Tuesday, February 23, 2016


Responsibility is a tough concept to understand. We try to teach it to kids from a young age by giving them responsibilities of their own: a pet to take care of, an allowance, chores, and so on. It's taught as something punitive, with focus on the downsides to responsibility rather than the upsides; a popular example being when a kid asks for a pet and their parent has to sit down and make it clear that a pet takes a lot of work. It feels like a scare tactic, trying to convince a child that the benefits aren't worth the trouble.

I don't think countless parents warning their children of the work involved in keeping a pet is the cause of people's general distaste for responsibilities, but the fact that parents warn children away from responsibility seems indicative of a general revulsion at the concept.

And that revulsion isn't unfounded. Responsibility means work. A pet, a job, a car, an MMO raiding guild, a D&D campaign: these are all responsibilities that require an investment of time, skill, and/or money to maintain, and if you don't maintain them bad things happen: your pet may die, your job may be lost, your car may break down, you could be kicked out of your guild, or your D&D buddies may find something else to do with their Friday nights.

However, we tend to take on responsibilities anyway, especially when the benefits seem to outweigh the costs: a pet provides comfort and companionship, a job provides income, and so on. Responsibilities have an up-side, which parents don't bother telling their children about when they discuss the possibility of getting a pet. Which makes sense: the kid already knows that up-sides of having a pet, which is why the conversation begins in the first place.

We don't really talk about the benefits of responsibilities, though.

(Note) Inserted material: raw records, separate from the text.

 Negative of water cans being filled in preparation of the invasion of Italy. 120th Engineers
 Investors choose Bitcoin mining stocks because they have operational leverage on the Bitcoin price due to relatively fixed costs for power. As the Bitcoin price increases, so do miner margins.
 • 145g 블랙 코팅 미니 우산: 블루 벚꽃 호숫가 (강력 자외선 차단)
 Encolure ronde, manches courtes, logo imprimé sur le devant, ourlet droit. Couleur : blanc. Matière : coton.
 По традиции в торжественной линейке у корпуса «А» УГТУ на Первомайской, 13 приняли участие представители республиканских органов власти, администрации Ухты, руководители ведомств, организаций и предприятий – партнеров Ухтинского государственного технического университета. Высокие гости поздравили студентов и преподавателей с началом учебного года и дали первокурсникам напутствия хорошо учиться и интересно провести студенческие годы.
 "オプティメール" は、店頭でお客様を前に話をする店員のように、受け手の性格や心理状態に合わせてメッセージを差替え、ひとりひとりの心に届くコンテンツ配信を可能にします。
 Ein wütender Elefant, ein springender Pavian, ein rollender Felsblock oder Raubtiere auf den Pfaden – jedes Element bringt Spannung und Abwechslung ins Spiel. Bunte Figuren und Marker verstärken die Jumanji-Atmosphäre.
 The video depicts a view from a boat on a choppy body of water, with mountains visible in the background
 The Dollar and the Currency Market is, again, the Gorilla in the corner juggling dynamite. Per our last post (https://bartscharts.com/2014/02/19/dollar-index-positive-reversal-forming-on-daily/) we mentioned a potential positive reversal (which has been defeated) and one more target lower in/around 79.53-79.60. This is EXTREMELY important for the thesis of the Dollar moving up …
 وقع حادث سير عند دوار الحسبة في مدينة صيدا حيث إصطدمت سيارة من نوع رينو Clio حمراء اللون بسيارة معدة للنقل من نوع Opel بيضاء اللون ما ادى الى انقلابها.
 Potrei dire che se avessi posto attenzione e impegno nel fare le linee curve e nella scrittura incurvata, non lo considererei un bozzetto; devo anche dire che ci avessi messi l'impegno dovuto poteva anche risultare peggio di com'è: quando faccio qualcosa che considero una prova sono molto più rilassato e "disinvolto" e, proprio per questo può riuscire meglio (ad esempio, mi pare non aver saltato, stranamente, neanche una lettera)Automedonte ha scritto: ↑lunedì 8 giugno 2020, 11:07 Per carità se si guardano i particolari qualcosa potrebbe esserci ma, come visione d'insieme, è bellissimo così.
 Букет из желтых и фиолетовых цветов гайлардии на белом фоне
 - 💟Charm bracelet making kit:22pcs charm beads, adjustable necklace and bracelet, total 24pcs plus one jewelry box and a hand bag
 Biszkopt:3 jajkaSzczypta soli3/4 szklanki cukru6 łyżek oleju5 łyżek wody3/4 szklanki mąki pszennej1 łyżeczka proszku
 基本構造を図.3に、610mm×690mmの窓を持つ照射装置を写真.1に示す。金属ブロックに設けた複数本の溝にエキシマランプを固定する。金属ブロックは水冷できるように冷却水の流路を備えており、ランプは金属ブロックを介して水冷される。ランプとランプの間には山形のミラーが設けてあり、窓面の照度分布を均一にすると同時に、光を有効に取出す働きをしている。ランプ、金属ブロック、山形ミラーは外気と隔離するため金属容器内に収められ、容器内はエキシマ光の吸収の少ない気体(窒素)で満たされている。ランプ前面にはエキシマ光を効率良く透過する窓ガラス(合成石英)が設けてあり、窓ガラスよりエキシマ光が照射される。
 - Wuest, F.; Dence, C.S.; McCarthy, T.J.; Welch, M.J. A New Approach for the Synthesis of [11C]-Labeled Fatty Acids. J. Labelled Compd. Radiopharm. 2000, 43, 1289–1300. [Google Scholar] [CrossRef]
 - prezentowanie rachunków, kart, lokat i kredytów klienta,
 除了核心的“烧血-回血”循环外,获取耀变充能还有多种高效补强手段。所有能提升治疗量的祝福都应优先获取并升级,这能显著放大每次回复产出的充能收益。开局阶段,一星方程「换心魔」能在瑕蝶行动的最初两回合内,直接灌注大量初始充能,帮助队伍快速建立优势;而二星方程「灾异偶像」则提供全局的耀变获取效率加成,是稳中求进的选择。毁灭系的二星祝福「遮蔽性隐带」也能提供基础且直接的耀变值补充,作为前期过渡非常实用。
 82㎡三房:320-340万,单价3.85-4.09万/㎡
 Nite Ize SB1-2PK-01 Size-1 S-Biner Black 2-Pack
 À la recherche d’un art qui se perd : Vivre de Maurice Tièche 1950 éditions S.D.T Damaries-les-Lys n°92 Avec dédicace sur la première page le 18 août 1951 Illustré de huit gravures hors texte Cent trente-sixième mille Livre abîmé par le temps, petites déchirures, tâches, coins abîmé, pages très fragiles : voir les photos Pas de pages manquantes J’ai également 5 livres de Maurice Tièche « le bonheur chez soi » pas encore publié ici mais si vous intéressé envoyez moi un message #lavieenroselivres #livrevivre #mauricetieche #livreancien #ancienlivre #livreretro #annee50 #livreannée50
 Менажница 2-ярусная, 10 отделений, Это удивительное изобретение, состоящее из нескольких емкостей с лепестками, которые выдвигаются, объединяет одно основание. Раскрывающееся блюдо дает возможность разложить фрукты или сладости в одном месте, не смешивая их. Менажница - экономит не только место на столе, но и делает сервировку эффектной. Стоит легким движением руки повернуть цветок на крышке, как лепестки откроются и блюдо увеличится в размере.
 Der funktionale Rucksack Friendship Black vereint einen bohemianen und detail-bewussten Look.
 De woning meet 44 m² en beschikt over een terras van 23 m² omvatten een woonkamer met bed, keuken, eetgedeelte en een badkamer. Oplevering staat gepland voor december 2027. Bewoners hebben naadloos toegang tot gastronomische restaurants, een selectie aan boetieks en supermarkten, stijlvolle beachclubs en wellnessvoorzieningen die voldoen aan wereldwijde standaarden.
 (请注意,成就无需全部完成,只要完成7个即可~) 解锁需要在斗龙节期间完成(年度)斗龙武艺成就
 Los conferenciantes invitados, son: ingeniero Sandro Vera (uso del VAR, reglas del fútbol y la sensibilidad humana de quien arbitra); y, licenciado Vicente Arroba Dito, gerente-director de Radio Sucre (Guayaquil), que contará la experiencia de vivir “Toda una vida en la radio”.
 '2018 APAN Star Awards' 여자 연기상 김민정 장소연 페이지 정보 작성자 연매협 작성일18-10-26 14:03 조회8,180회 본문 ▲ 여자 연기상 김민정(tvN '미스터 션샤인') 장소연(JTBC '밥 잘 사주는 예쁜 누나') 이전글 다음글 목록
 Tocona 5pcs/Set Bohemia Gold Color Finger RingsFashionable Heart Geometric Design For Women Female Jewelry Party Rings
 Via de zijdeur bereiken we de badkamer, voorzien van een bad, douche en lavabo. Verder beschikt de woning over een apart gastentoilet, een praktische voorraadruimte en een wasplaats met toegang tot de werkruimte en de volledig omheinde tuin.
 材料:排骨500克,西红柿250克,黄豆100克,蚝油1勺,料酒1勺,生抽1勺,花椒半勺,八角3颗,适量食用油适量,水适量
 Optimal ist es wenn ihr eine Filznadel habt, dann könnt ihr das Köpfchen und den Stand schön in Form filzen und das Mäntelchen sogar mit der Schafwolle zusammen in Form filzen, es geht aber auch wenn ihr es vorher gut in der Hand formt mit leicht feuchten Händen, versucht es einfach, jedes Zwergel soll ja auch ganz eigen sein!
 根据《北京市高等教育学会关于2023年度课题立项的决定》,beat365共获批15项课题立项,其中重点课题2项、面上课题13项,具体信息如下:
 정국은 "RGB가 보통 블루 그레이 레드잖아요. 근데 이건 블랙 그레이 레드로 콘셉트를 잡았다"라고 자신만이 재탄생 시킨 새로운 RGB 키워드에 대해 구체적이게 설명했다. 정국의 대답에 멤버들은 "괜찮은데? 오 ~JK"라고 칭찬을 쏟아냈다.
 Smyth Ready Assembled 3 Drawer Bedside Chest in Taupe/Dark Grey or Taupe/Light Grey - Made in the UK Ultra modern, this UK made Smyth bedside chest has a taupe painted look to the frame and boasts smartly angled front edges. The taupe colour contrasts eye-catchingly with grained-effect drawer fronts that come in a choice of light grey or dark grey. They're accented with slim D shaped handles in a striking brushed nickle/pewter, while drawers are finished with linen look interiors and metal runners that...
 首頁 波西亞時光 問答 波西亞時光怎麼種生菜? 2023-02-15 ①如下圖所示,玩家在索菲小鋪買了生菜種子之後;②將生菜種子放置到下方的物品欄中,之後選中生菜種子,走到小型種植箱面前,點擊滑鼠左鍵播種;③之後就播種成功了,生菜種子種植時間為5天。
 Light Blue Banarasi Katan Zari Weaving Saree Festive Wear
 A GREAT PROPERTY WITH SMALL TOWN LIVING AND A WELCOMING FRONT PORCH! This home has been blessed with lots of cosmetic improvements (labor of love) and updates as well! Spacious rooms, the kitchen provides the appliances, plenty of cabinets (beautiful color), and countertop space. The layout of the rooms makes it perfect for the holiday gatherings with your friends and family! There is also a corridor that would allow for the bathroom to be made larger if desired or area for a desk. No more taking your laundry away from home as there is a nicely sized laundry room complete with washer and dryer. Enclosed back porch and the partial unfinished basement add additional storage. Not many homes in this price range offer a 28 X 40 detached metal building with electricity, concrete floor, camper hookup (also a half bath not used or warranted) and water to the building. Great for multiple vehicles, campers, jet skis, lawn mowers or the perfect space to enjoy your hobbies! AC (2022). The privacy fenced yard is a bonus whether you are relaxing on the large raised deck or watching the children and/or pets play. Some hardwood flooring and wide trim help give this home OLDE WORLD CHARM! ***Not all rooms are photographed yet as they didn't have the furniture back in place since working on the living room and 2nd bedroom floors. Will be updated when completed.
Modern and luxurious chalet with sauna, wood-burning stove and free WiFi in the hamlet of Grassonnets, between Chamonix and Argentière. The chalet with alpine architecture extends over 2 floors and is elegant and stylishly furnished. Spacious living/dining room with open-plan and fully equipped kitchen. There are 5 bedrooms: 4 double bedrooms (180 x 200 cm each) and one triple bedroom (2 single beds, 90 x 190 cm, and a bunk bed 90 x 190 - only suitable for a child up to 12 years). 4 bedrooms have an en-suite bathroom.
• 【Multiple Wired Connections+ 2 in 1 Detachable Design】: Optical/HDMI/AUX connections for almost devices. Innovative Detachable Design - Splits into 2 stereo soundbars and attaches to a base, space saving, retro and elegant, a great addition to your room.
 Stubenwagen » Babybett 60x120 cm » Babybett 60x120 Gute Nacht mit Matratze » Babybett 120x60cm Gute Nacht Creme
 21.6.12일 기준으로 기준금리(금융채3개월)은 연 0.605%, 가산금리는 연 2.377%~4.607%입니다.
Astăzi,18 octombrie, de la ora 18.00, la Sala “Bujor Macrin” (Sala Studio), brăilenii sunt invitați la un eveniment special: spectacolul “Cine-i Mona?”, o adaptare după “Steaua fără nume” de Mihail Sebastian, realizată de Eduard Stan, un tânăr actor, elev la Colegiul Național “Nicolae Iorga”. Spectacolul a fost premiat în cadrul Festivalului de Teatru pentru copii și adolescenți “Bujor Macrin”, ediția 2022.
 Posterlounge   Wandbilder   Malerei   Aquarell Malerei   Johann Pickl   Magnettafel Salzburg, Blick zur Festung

We assume people know the benefits, and we allow them to make their cost/benefit analysis and make their decision on that assumed knowledge. But I think there are more benefits to responsibilities than are obvious at first glance.

Responsibility is a muscle: it needs to be exercised to become stronger. This, to me, is the greatest benefit to taking on smaller responsibilities. By accepting the burden of responsibility you train yourself to handle more and more, and to gain a reputation as a reliable person. You learn to handle the stress of being relied upon, and over time you learn not to buckle under the weight.

Responsibility is somewhat addictive to me. I enjoy taking on duties and completing them, overseeing projects, and juggling tasks. I get a lot done, and I have the confidence to do many things with very little guidance.

Sometimes I take on too much. I fail often. Sometimes the failures fade away quickly, and sometimes they haunt me long afterward. Either way, experience taking on responsibility has helped me to accept my failures as well.

All of this has me thinking about how to teach responsibility to another person. Children, especially. It seems like a certain amount of responsibility needs to be learned before hitting adulthood, as adulthood itself is filled with responsibilities whether you're prepared for them or not. The weight of those responsibilities breaks some people, and I can't help but wonder if the ability to handle responsibility is more learned or inherited. If it's the former, it seems like the sort of things that should be taught in schools.

There are many definitions of adulthood, from age thresholds to rites of passage, but my favorite definition is "when more people rely on you than the other way around." It's not a perfect definition, as there are plenty of mature, intelligent people who rely on others for many things through no fault of their own. However, it does speak to a mental state that I associate heavily with maturity.